## Records provided
BEGIN
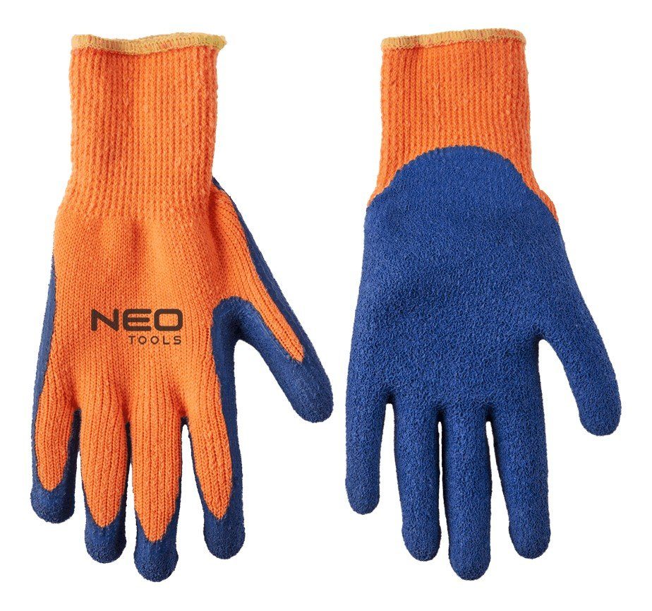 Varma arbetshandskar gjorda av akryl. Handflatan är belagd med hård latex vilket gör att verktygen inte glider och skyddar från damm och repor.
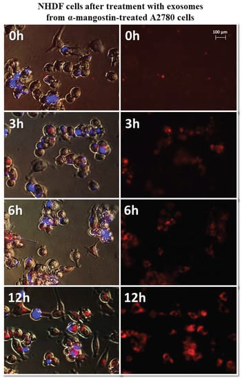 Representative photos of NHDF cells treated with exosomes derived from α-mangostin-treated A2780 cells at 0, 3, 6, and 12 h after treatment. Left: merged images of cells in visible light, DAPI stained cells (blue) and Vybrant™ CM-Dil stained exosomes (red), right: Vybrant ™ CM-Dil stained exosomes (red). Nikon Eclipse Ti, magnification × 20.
END
BEGIN
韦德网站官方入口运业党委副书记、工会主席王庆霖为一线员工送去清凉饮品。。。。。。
END
## Task directions
Only the lines above starting with the line with "Varma arbetshandskar gjorda" and going on through the line with "Representative photos of" belong in the answer; repeat them exactly, minus any picture.

## Written solution
 Varma arbetshandskar gjorda av akryl. Handflatan är belagd med hård latex vilket gör att verktygen inte glider och skyddar från damm och repor.
 Representative photos of NHDF cells treated with exosomes derived from α-mangostin-treated A2780 cells at 0, 3, 6, and 12 h after treatment. Left: merged images of cells in visible light, DAPI stained cells (blue) and Vybrant™ CM-Dil stained exosomes (red), right: Vybrant ™ CM-Dil stained exosomes (red). Nikon Eclipse Ti, magnification × 20.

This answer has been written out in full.